2017 Gubernatorial Race Could Be New Jersey’s Most Expensive

While New Jersey will not elect a new governor until November 2017, several candidates, some who have already withdrawn from the race, have Federal super PAC support. State PACs report to ELEC but federal super PACs do not.

While the upper limit placed on the potential Gubernatorial candidates who chose to take public matching funds has just been raised, the total number is still well below the $20 million threshold of what candidates running for statewide office in New Jersey will need to spend to be competitive. Campaigns therefore must rely on PACs to make expenditures independent from them.

Blame the high cost of media in the New York and Philadelphia markets, the endless increase in postage and mailing, or the political consultants and lawyers needed to assure campaign compliance, but less than $20 million for a statewide campaign won’t do the job.    PAC support and labor union support is essential for a candidate to succeed.  “Independent” expenditures from super PACs are key.

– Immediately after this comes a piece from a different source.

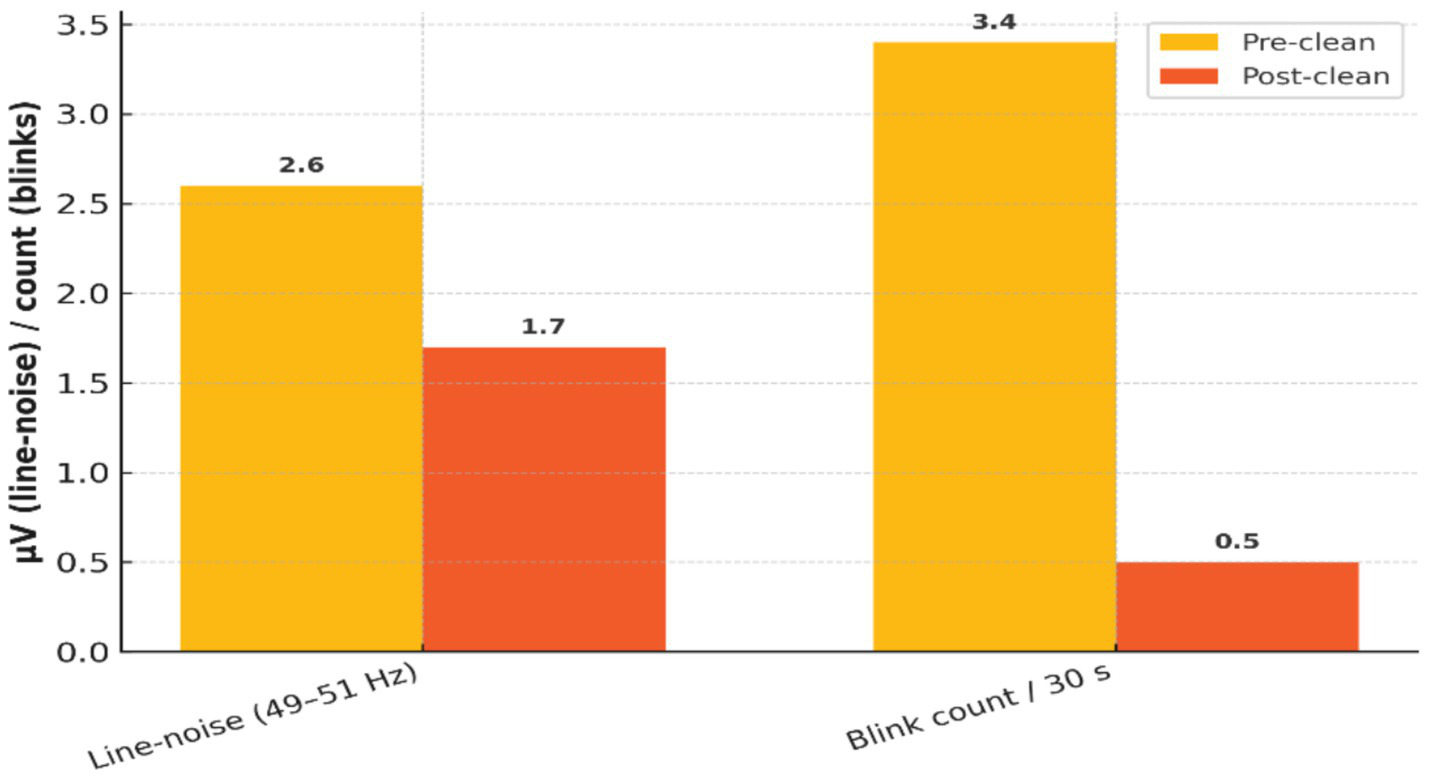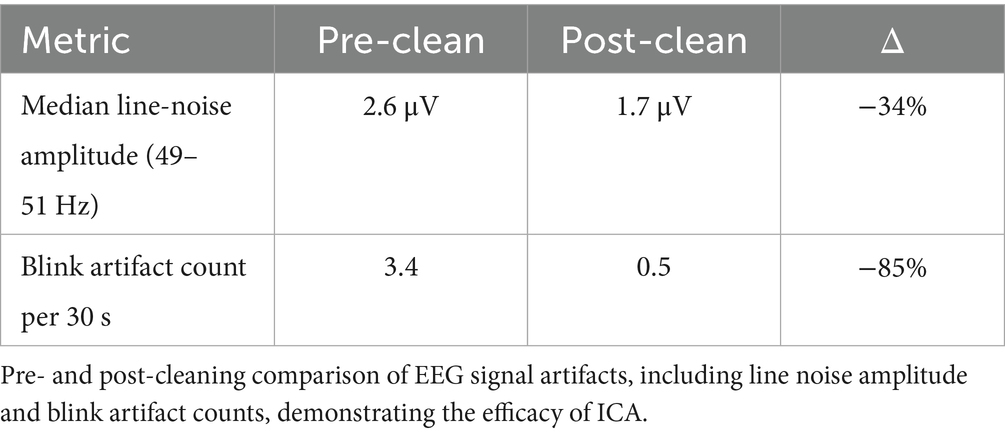 Independent Component Analysis (ICA) was applied to reduce physiological and environmental artifacts. Table 3 quantifies the impact of ICA, with a 34% reduction in median line-noise amplitude and an 85% reduction in blink artifact frequency. Figure 4 provides a visual comparison of EEG traces before and after ICA cleaning, illustrating significant improvements in signal quality.

Former Gov. Joe Corzine spent $27 million of his own money in the 2009 gubernatorial race against Gov. Chris Christie. No campaign for statewide office in NJ since that election has been successful without spending more than $20 million.

PACs Supporting Candidates Raising Big Money

In June, the New Jersey Election Law Enforcement Commission (ELEC) announced that eight political action committees (PACSs) have been formed to support potential gubernatorial candidates. ELEC also reported that the PACs filed in NJ had already raised $10.6 million and expended $5.8 million.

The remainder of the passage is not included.